> Entries shown
----------

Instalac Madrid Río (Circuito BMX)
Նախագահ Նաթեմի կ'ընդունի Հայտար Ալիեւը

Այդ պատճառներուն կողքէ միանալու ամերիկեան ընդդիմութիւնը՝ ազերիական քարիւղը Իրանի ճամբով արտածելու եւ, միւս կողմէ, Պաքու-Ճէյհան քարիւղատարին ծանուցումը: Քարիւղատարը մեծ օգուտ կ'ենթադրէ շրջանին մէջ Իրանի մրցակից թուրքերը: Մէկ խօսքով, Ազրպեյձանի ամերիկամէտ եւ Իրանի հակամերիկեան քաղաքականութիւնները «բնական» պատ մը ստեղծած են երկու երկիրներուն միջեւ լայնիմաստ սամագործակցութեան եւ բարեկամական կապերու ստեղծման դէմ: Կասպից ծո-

----------

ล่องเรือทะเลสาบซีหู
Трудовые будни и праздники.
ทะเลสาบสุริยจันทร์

----------

> Exercise aim
Transcribe the lines above between the line holding "Instalac Madrid Río (Circuito BMX)" and the line holding "Այդ պատճառներուն կողքէ", inclusive, exactly as they stand and with nothing added.

> Solution for this problem
Instalac Madrid Río (Circuito BMX)
Նախագահ Նաթեմի կ'ընդունի Հայտար Ալիեւը

Այդ պատճառներուն կողքէ միանալու ամերիկեան ընդդիմութիւնը՝ ազերիական քարիւղը Իրանի ճամբով արտածելու եւ, միւս կողմէ, Պաքու-Ճէյհան քարիւղատարին ծանուցումը: Քարիւղատարը մեծ օգուտ կ'ենթադրէ շրջանին մէջ Իրանի մրցակից թուրքերը: Մէկ խօսքով, Ազրպեյձանի ամերիկամէտ եւ Իրանի հակամերիկեան քաղաքականութիւնները «բնական» պատ մը ստեղծած են երկու երկիրներուն միջեւ լայնիմաստ սամագործակցութեան եւ բարեկամական կապերու ստեղծման դէմ: Կասպից ծո-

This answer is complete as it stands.